Chemistry 324 - Spring 2008

Model #3 - Rotation Barriers

February 20, 2008 · No Comments

A few days ago I showed you how to model an energy profile for internal rotation. As part of that exercise, we tried (quickly) calculating a profile using AM1 and I said the results weren’t believable. I have also asked you to calculate some profiles using HF/3-21G. Are these more believable? Let’s see…

Truth = MP2/6-31G*

I have calculated energy profiles for internal rotation in 1,3-butadiene using 5 different tools: MMFF (a molecular mechanics force field), AM1 (semi-empirical QM), HF/3-21G and HF/6-31G (two versions of Hartree-Fock QM), and MP2/6-31G* (a post-Hartree-Fock QM tool). Of these, MP2 should give the most reliable results, so let’s just assume the results are reliable.

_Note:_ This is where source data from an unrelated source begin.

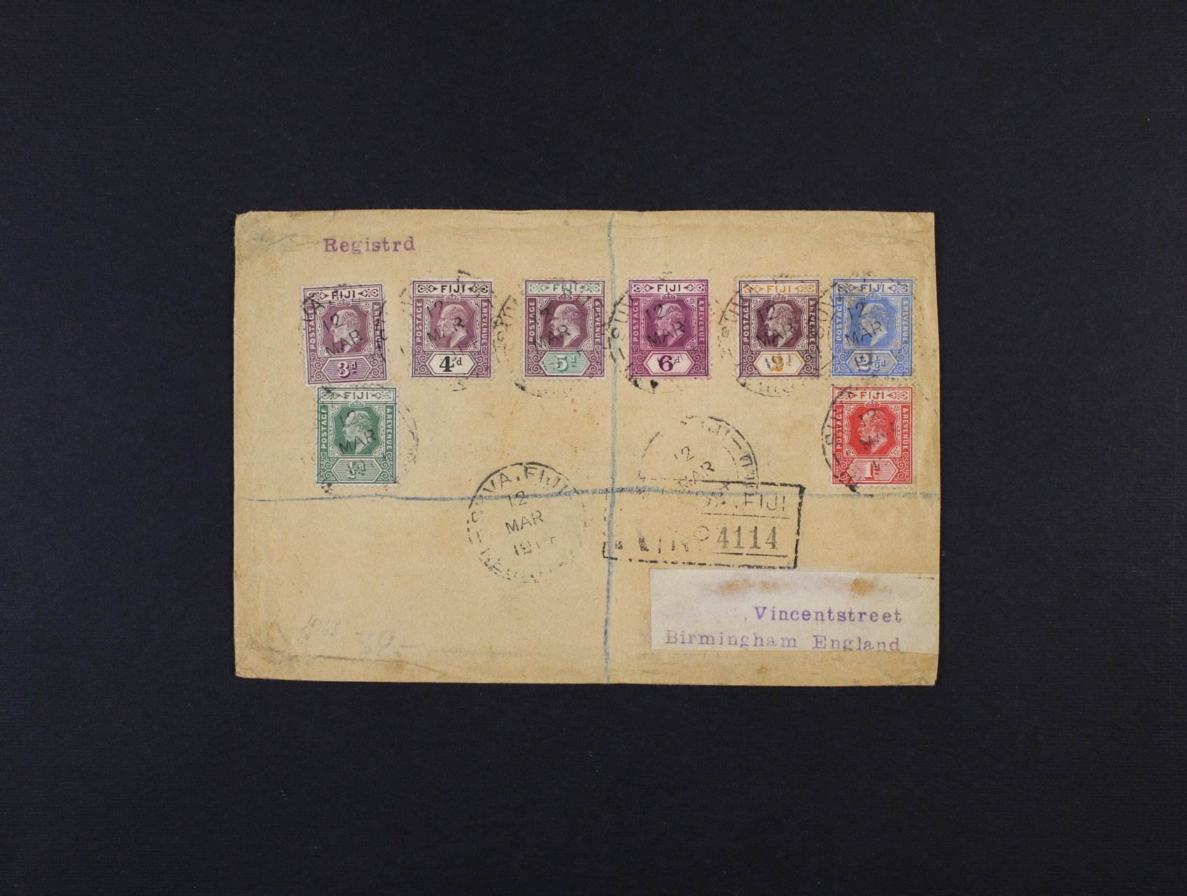 Fiji - let. R-dopis do Anglie frank. pestrou frankaturou, pod. raz. FIJI ...12.MAR.1914 + průch. a přích. raz.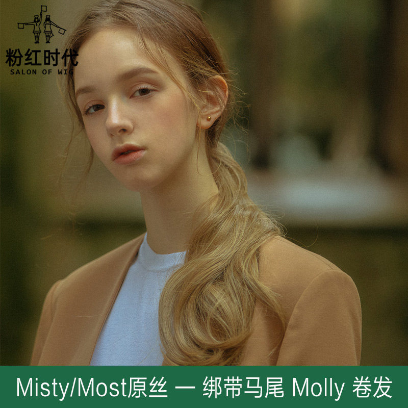 Pink era wig female molly ponytail long curly natural strap type fake ponytail micro volume realistic long version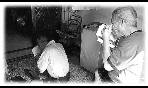 按了電鈴,在門外那頭喊著:「鄭伯伯,您在家嗎?」進了擁擠及非常悶熱的屋內,只留一盞微弱的日光燈及蒼白病容和歡迎我的絕望聲音… 鄭伯伯要我自行開門,自行找個椅子坐,但說真的連站的空間都不足…屋內空氣中是飄著廚餘味及尿騷味…進了大門後才知,原來伯伯行動如此不便。

E relative (kcal/mol) vs. CCCC dihedral angle (o) for MMFF, AM1, & MP2

Energy profiles

MMFF energies are pretty good. AM1 are not. The AM1 curve is in the right ballpark, but all kinds of important details are incorrect: no skewed minimum, no cis (eclipsed) maximum, trans → skew barrier much too small.

E relative (kcal/mol) vs. CCCC dihedral angle (o) for HF/3-21G, HF/6-31G* & MP2

Energy profiles

The 3 models agree very closely. The agreement is especially good at large angles (180 > dihedral > 120), then subtle disagreements (error ~0.3 kcal/mol) appear.

The behavior of both Hartree-Fock models is very reassuring, but I have a sad fact to relate: the reliability of any approximate tool (and HF is definitely an approximation) varies from one molecule to the next. What works out so well for 1,3-butadiene, might or might not work for acrolein.